What the task requires: Gather, from the listing beneath this task, every line holding the string "that".

Exercise data section start

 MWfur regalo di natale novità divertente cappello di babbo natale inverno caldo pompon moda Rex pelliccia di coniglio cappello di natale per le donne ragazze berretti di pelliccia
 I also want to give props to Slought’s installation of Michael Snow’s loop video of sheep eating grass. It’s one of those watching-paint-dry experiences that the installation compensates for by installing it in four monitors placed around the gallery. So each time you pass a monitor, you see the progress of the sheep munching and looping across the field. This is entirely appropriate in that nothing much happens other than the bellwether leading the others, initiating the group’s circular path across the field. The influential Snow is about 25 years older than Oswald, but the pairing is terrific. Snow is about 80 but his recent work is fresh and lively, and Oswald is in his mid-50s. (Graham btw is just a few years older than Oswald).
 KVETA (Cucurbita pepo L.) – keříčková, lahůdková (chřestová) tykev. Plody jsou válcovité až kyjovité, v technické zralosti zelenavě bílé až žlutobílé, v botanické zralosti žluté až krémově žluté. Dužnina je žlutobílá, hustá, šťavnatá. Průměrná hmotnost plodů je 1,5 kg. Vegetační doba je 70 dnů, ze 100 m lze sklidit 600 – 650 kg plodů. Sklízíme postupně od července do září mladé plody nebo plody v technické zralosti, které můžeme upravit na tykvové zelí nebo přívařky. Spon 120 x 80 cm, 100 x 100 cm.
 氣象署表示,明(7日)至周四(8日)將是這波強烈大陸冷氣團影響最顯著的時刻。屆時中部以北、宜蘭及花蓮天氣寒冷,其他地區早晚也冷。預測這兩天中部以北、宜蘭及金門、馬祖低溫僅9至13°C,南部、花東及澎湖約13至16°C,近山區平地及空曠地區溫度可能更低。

Exercise data section end
Exercise data section start

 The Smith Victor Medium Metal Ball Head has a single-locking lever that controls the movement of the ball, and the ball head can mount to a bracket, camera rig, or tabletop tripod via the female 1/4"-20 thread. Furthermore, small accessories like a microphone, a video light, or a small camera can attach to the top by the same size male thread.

Exercise data section end

Task response:
 I also want to give props to Slought’s installation of Michael Snow’s loop video of sheep eating grass. It’s one of those watching-paint-dry experiences that the installation compensates for by installing it in four monitors placed around the gallery. So each time you pass a monitor, you see the progress of the sheep munching and looping across the field. This is entirely appropriate in that nothing much happens other than the bellwether leading the others, initiating the group’s circular path across the field. The influential Snow is about 25 years older than Oswald, but the pairing is terrific. Snow is about 80 but his recent work is fresh and lively, and Oswald is in his mid-50s. (Graham btw is just a few years older than Oswald).
 The Smith Victor Medium Metal Ball Head has a single-locking lever that controls the movement of the ball, and the ball head can mount to a bracket, camera rig, or tabletop tripod via the female 1/4"-20 thread. Furthermore, small accessories like a microphone, a video light, or a small camera can attach to the top by the same size male thread.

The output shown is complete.